Rastair needs to make decisions on data that is prone to errors: We analyze short genome sequencing reads which have been stochastically aligned to a reference and that give us many points of evidence for what base a position in a sample actually is. They include some quality metrics (per-read and per-position), information on possible insertions and deletions, and many other flags. We also know a general error rate for the instruments used. But some evidence we look at can also be interpreted in two different ways.

The typical case in Rastair is this: We have a position that is C in the reference and we have 30 reads at this position. Some show C (agree with the reference), but some show T. Since Rastair deals with TAPS sequence data, we know that a change from C to T can also be evidence for methylation¹. So we now need to decide: Is this a variant, or is this a methylation position, or can it even be both?

For some cases we can pretty directly decide: We know, e.g., that the C to T conversion only happens in CG contexts, and on the original top strand (a flag on the read). This helps exclude cases, but it doesn’t yet help us be certain about when a position is truly one or the other.

Using ML

We can filter out some obvious cases with hard thresholds, but for the ambiguous positions we want something that can weigh many pieces of evidence at once.
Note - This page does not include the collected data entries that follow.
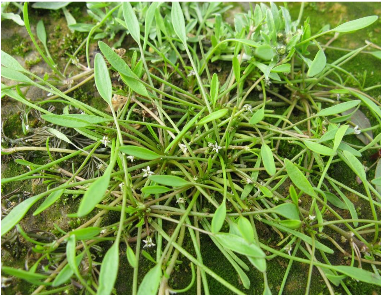
Limosella aquatica at Chew Valley Lake (2011).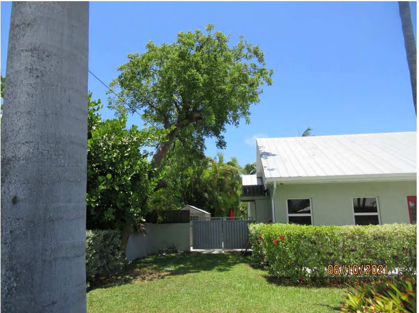
Photo showing location of tree, view 1.

Tree Species: Gumbo Limbo ( Bursera simaruba )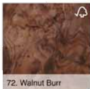
72. Walnut Burr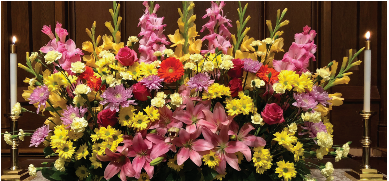
The floral arrangements in the sanctuary significantly enhance our Sunday worship experience. The April newsletter showcases various flower displays from the previous year.

Monthly Newsletter of Second Presbyterian Church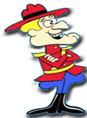
Awards by Dudley's Trophies (727) 321-1210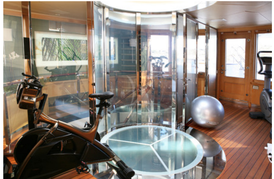
Gym on Sundeck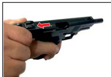
4. Fig. 1

NOTE: In normal operation, when the slide is released from the open position and is allowed to return to the fully closed position with the decocking safety lever in the down (SAFE) position (as shown in 4. Fig. 2), the hammer will fall against the decocking safety body.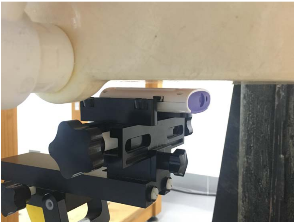
Figure 2 – Rear surface with 5mm Separation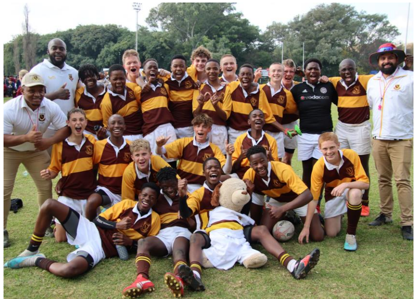
Congratulations to the U15 Rugby team who won their league at the Pirates Challenge according to log points.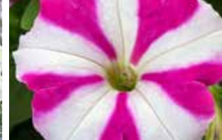
FotoFinish Rose Star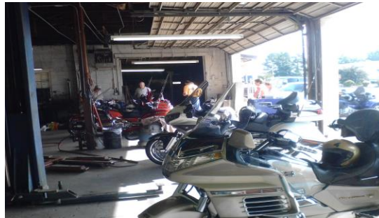
C2's Annual Maintenance Day – September 20, 2014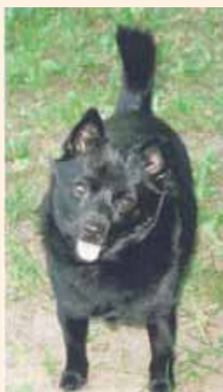
In Memory of Molly Half Schipperke, Half Chihuahua - All Mule 2003 - 2012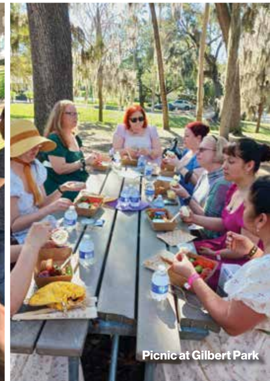
Picnic at Gilbert Park

This is where machine learning comes in.

Benjamin designed a set of features that capture the relevant information about a position: things like base quality, mapping quality, depth ratios, the surrounding sequence context, and so on. We feed these into a Random Forest model that outputs a score for each position, which we then convert into a probability using Platt scaling (also Benjamin’s work).

We actually run three separate models: one for methylation in CG context, one for de-novo methylation², and one for everything else (variants). Each model is trained on data where we know the ground truth.

What’s a Random Forest

A Random Forest is an ensemble of decision trees. A single decision tree is simple: at each node, you look at one feature, compare it to a threshold, and go left or right. When you reach a leaf, you get a prediction. Easy to understand, fast to evaluate. But a single tree tends to “overfit”³.

The “forest” part fixes this: you train many trees (e.g., 400), each on a slightly different random subset of the training data and a random subset of features. At inference time, you run the input through all the trees and average their predictions. This is surprisingly effective⁴ and gives you a model that generalizes well without needing a lot of tuning.

For our use case, this is a good fit: The model is fast to evaluate (just comparisons and a mean), it handles mixed feature types well, and it doesn’t require a GPU or a deep learning framework to train, just some data in arrays.

There are many Rust crates that can train and run a RF. We ended up using the biosphere crate, because it seemed simple and purposeful enough while also being quite fast.

How to verify

How do we know the model actually makes good calls? We compare against Genome in a Bottle (GIAB), a well-characterized reference dataset that serves as a “ground truth” for benchmarking variant callers. Benjamin wrote R scripts to evaluate our calls against this reference, and I later ported that comparison to Rust. This basically works by reading in the VCF file from GIAB and the in the one that Rastair produces, and comparing overlap, false-positive, and false-negative count.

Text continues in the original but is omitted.